Прекрасно зная бессмысленность воззвания к совести мужа, а исключительно осуществляя потребность высказаться по поводу, Тамара начала монолог:
– Гурьев, тащи таз.
И тут же, как-бы передумав, без каких-либо пауз продолжила:
– Хотя лежи, толку от тебя…
Гурьев, не преуспевший в хозяйственности, продолжил смотреть в экран телевизора, но для успокоения совести и чтобы ещё более не раздражать жену, выразил на лице обеспокоенность и вздохнул. Жена оценила его соучастие и скрылась.

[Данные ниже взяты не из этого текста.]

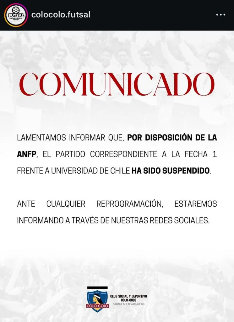 La primera fecha de la Liguilla Final del Futsal tenía como uno de sus más importantes compromisos el duelo entre Colo Colo vs Universidad de Chile, el que tuvo que ser suspendido al entretiempo.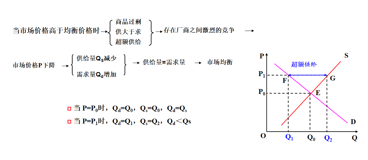 当市场价格偏离均衡价格时,市场上就会出现超额需求或者超额供给的不均衡状态。经济学把供求随价格变动而自动趋向均衡的情形看成是市场机制的自发调节。

За тридцать лет совместного проживания с неединственной в своей жизни, богатой неосуществившимися мечтами о других бабах, женщиной, Иван Трофимович Гурьев так и не научился самозабвенно отдаваться домашним заботам на благо ближних. Тридцать лет не были, так сказать, «непрерывным стажем» в браке по причине «вынужденного», как он это называл, отсутствия в семье. Это были периоды не взаимного охлаждения между супругами, как это часто бывает, а наоборот – перегрева от накала страсти, которая весьма распространена в семьях, – страстной ненависти друг к другу. Время от времени, когда супругам становилось ясно, что долго в этом накале им не протянуть, семья временно самораспадалась. В этом с годами между супругами было достигнуто взаимопонимание, не требующее долгих рассуждений. Трофимыч собирал походный редикюль и удалялся «в поля», где, воспользовавшись моментом, он позволял себе разнообразное кое-что. Там он мог слоняться месяцами, пока какое-нибудь общее дело заново не сколачивало их с Тамарой в одну семью. Таким образом, их брак проходил пунктирной линией через их жизни, в которой с годами бурность эмоций всё убывала и пробелы становились всё короче, а сплошные линии всё длиннее, рискуя когда-нибудь стать уже одной сплошной линией.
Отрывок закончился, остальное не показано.